• [Exercise material]
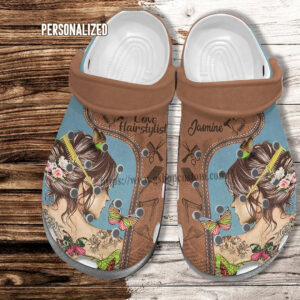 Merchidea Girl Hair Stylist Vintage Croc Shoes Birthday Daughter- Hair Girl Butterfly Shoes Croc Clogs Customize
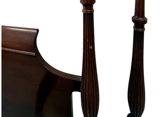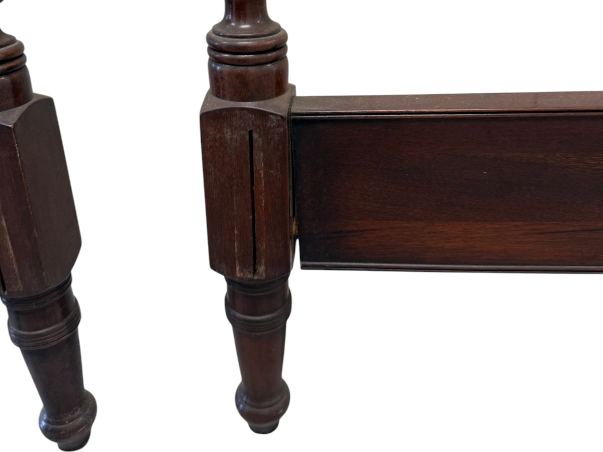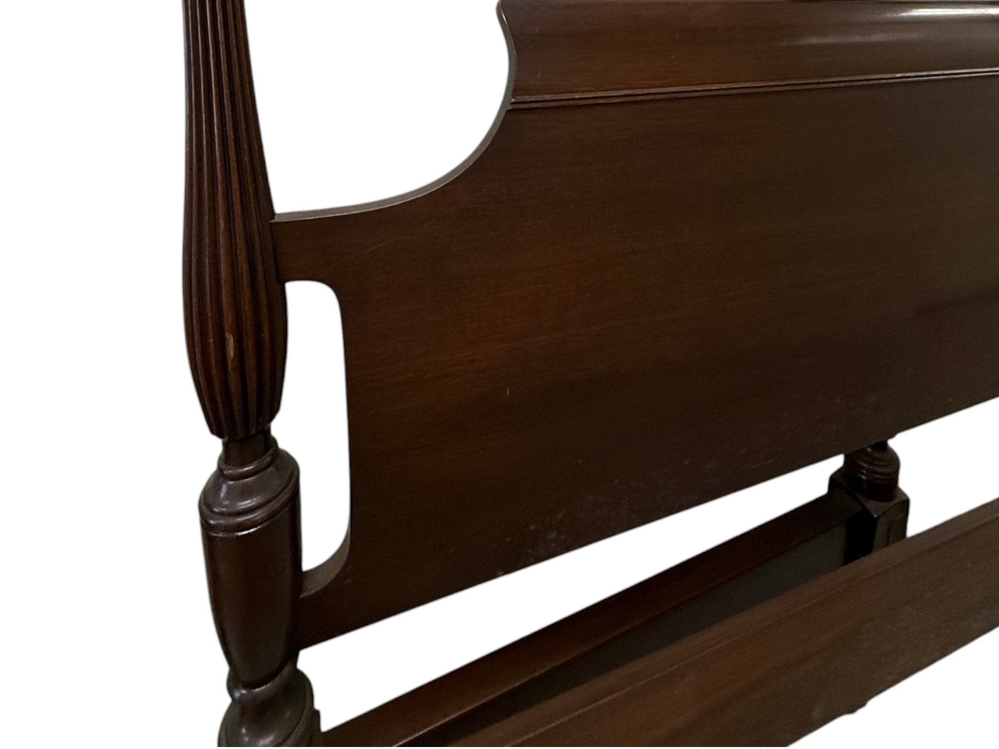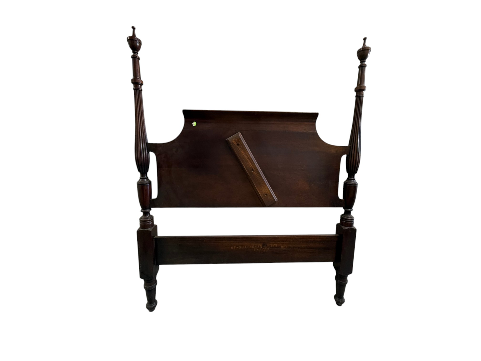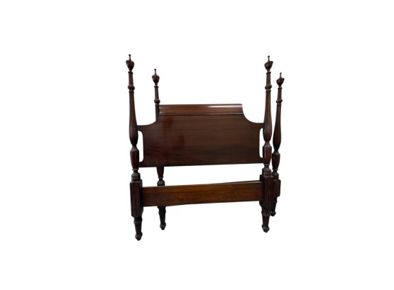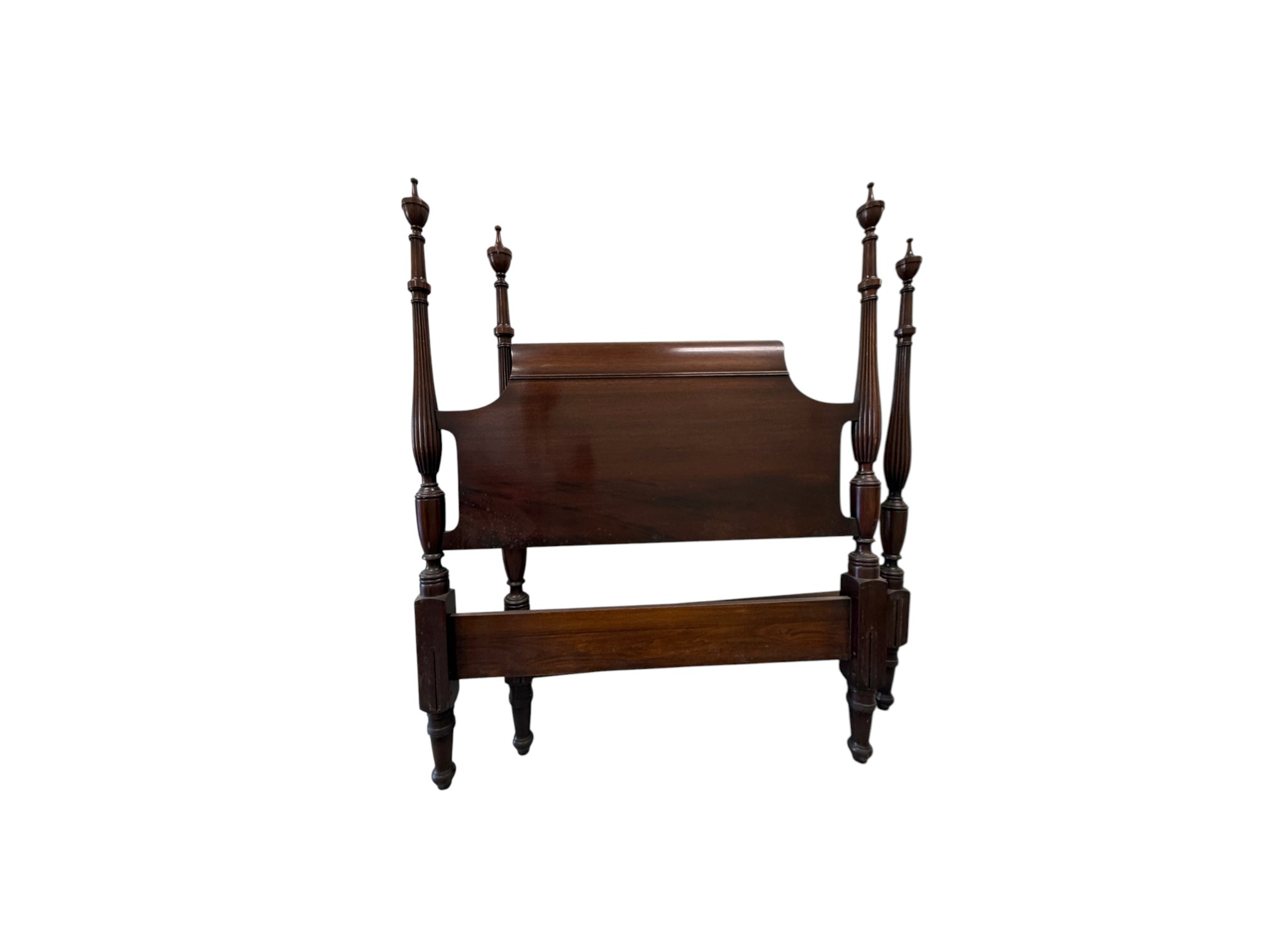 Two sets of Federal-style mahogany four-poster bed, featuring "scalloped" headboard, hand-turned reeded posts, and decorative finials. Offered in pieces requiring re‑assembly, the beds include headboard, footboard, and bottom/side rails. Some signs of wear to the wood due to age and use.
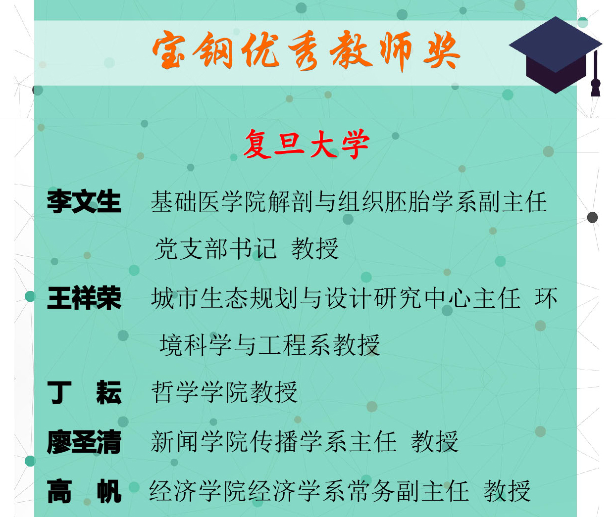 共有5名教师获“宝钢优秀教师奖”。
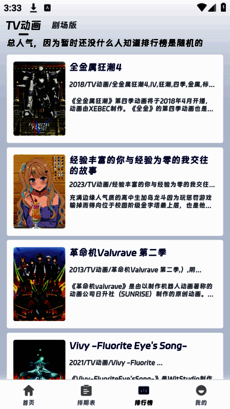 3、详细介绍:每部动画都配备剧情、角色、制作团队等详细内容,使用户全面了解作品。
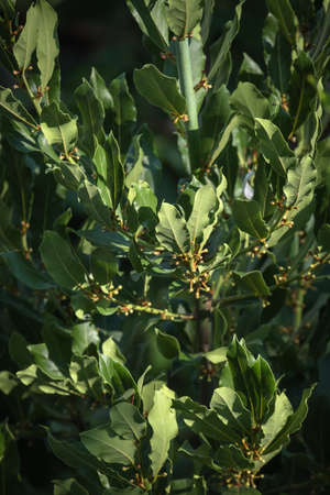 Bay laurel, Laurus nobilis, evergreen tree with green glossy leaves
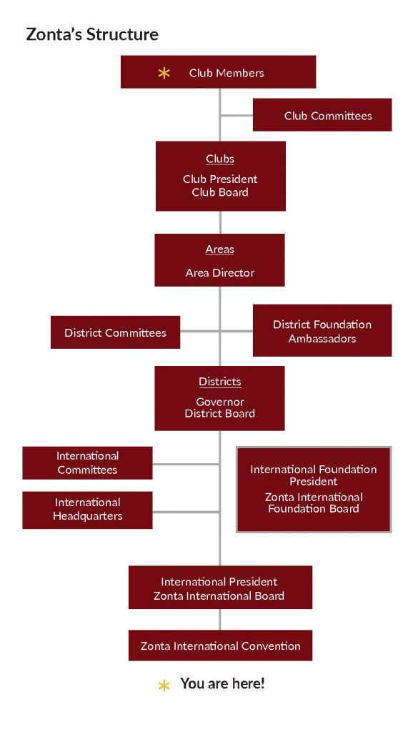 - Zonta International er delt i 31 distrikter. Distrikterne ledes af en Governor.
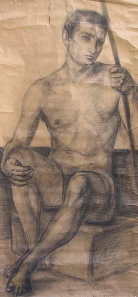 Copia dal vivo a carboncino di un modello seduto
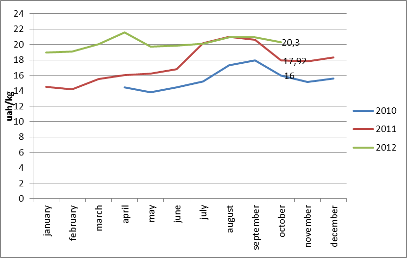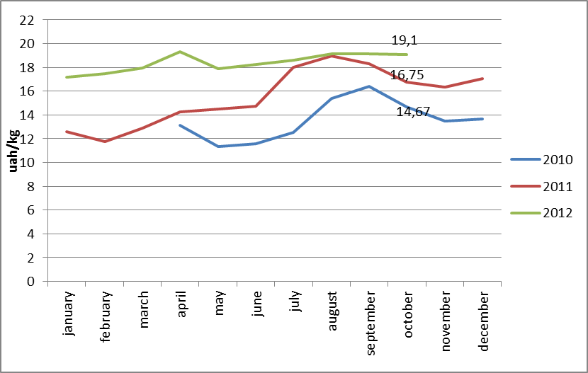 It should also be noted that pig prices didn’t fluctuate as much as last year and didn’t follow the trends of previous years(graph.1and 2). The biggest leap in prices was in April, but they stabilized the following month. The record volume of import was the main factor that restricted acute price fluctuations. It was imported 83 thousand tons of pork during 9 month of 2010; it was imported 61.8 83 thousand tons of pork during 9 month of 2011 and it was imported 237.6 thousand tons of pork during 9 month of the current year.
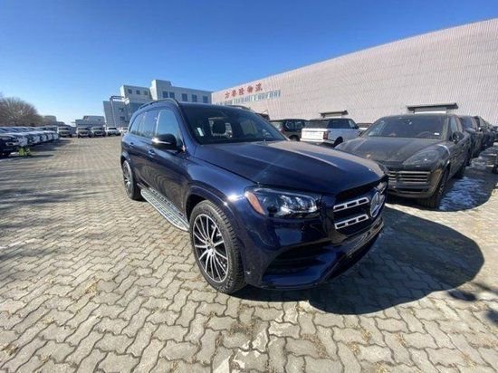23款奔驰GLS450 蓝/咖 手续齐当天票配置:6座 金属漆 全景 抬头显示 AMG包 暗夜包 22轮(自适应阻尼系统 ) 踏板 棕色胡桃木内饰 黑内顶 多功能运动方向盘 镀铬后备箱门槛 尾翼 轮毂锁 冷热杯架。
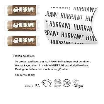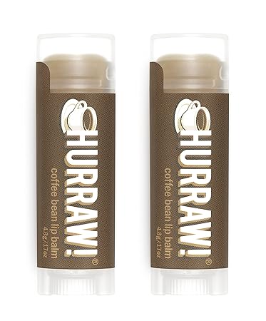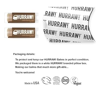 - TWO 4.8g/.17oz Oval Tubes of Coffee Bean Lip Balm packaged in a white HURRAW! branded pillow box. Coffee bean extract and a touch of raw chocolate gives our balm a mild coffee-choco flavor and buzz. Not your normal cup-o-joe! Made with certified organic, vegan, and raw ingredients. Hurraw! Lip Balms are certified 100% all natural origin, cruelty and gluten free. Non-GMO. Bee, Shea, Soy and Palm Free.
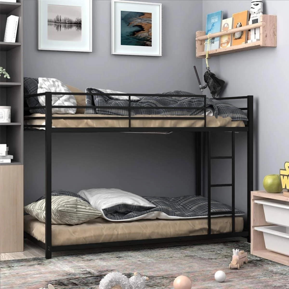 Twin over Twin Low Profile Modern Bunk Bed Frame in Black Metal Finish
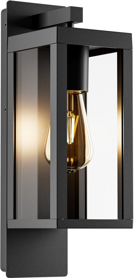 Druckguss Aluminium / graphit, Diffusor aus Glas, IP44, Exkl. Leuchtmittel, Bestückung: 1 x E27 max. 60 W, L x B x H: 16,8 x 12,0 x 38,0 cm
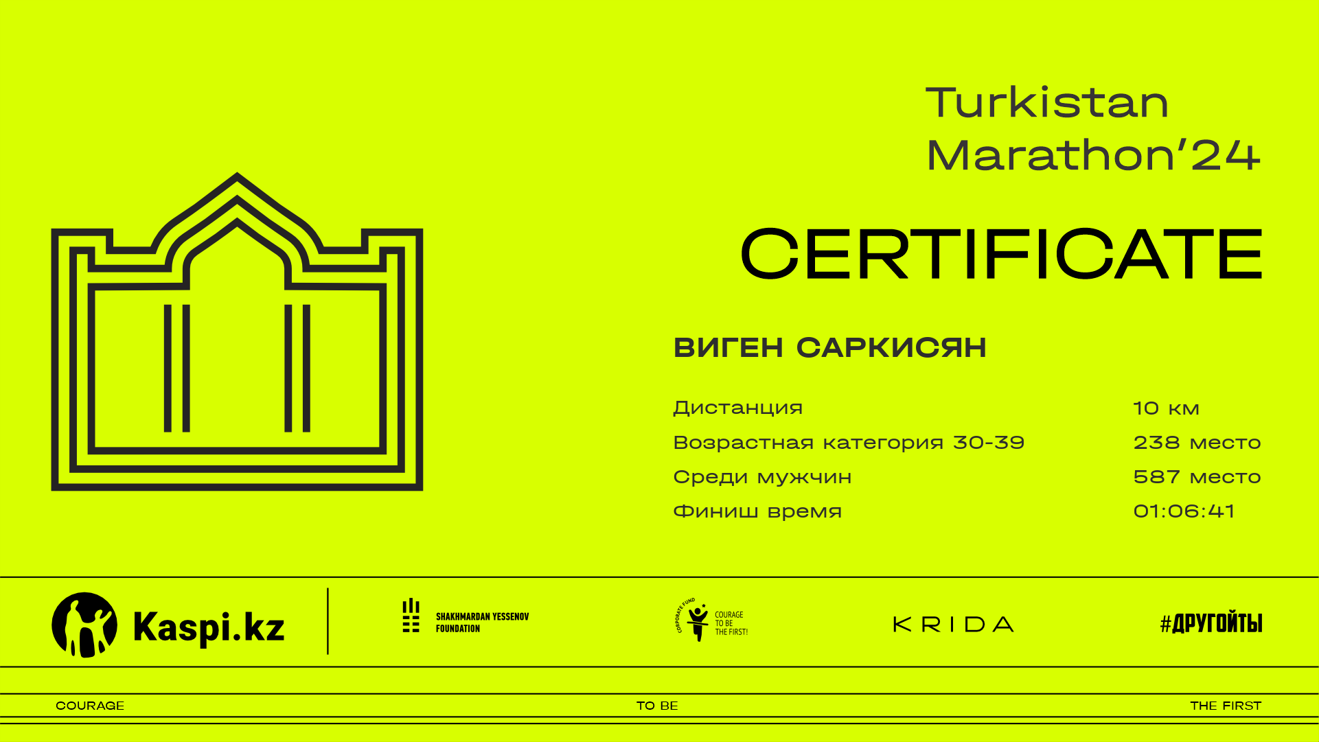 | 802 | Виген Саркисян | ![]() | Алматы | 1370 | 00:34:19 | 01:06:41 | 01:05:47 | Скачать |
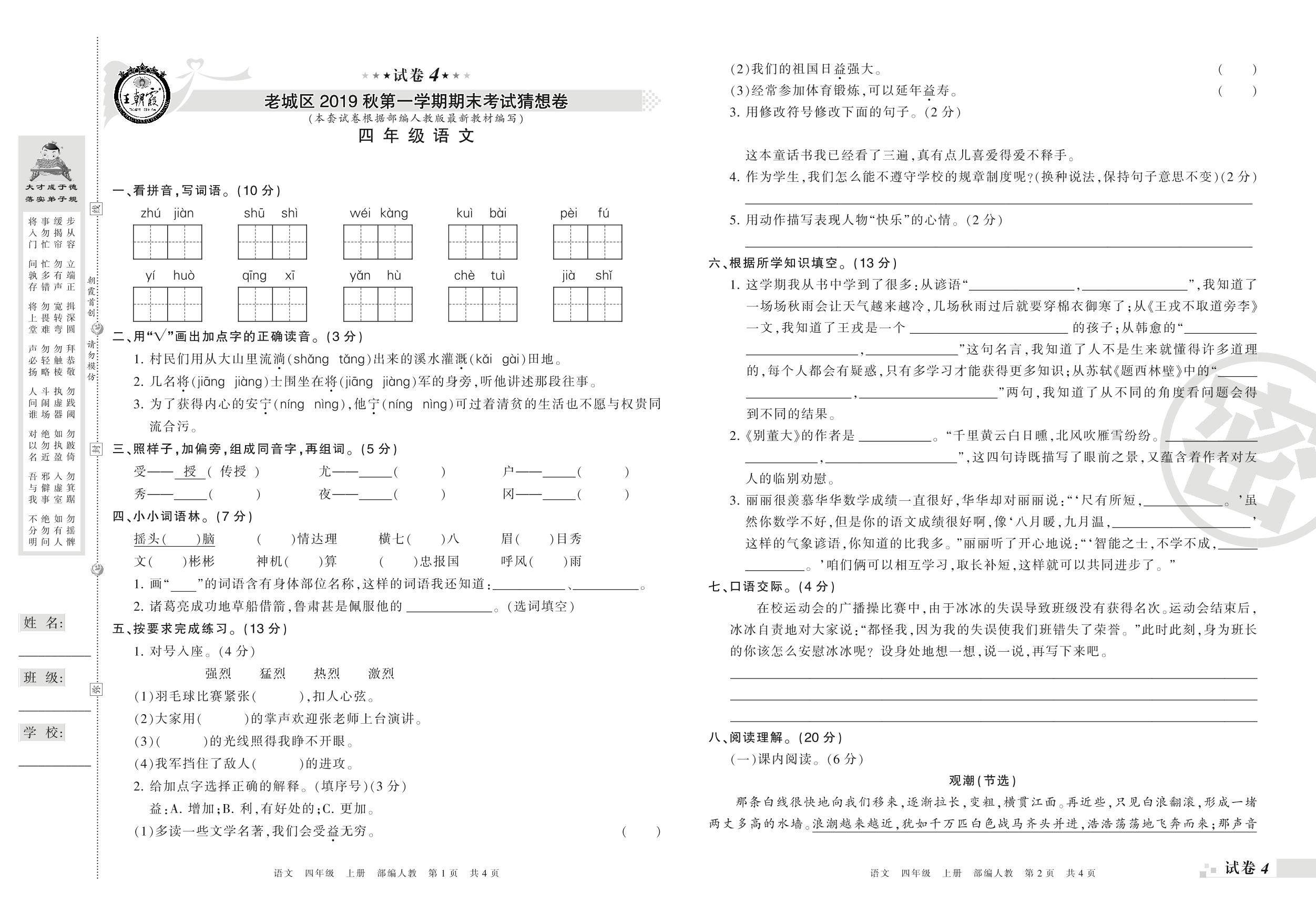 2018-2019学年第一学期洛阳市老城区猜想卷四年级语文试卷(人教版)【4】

• [Aim of the exercise]
Set down the material exactly, every line of it, except for the pictures.

• [Task result]
 Merchidea Girl Hair Stylist Vintage Croc Shoes Birthday Daughter- Hair Girl Butterfly Shoes Croc Clogs Customize
 Two sets of Federal-style mahogany four-poster bed, featuring "scalloped" headboard, hand-turned reeded posts, and decorative finials. Offered in pieces requiring re‑assembly, the beds include headboard, footboard, and bottom/side rails. Some signs of wear to the wood due to age and use.
 共有5名教师获“宝钢优秀教师奖”。
 3、详细介绍:每部动画都配备剧情、角色、制作团队等详细内容,使用户全面了解作品。
 Bay laurel, Laurus nobilis, evergreen tree with green glossy leaves
 - Zonta International er delt i 31 distrikter. Distrikterne ledes af en Governor.
 Copia dal vivo a carboncino di un modello seduto
 It should also be noted that pig prices didn’t fluctuate as much as last year and didn’t follow the trends of previous years(graph.1and 2). The biggest leap in prices was in April, but they stabilized the following month. The record volume of import was the main factor that restricted acute price fluctuations. It was imported 83 thousand tons of pork during 9 month of 2010; it was imported 61.8 83 thousand tons of pork during 9 month of 2011 and it was imported 237.6 thousand tons of pork during 9 month of the current year.
23款奔驰GLS450 蓝/咖 手续齐当天票配置:6座 金属漆 全景 抬头显示 AMG包 暗夜包 22轮(自适应阻尼系统 ) 踏板 棕色胡桃木内饰 黑内顶 多功能运动方向盘 镀铬后备箱门槛 尾翼 轮毂锁 冷热杯架。
 - TWO 4.8g/.17oz Oval Tubes of Coffee Bean Lip Balm packaged in a white HURRAW! branded pillow box. Coffee bean extract and a touch of raw chocolate gives our balm a mild coffee-choco flavor and buzz. Not your normal cup-o-joe! Made with certified organic, vegan, and raw ingredients. Hurraw! Lip Balms are certified 100% all natural origin, cruelty and gluten free. Non-GMO. Bee, Shea, Soy and Palm Free.
 Twin over Twin Low Profile Modern Bunk Bed Frame in Black Metal Finish
 Druckguss Aluminium / graphit, Diffusor aus Glas, IP44, Exkl. Leuchtmittel, Bestückung: 1 x E27 max. 60 W, L x B x H: 16,8 x 12,0 x 38,0 cm
 | 802 | Виген Саркисян | ![]() | Алматы | 1370 | 00:34:19 | 01:06:41 | 01:05:47 | Скачать |
 2018-2019学年第一学期洛阳市老城区猜想卷四年级语文试卷(人教版)【4】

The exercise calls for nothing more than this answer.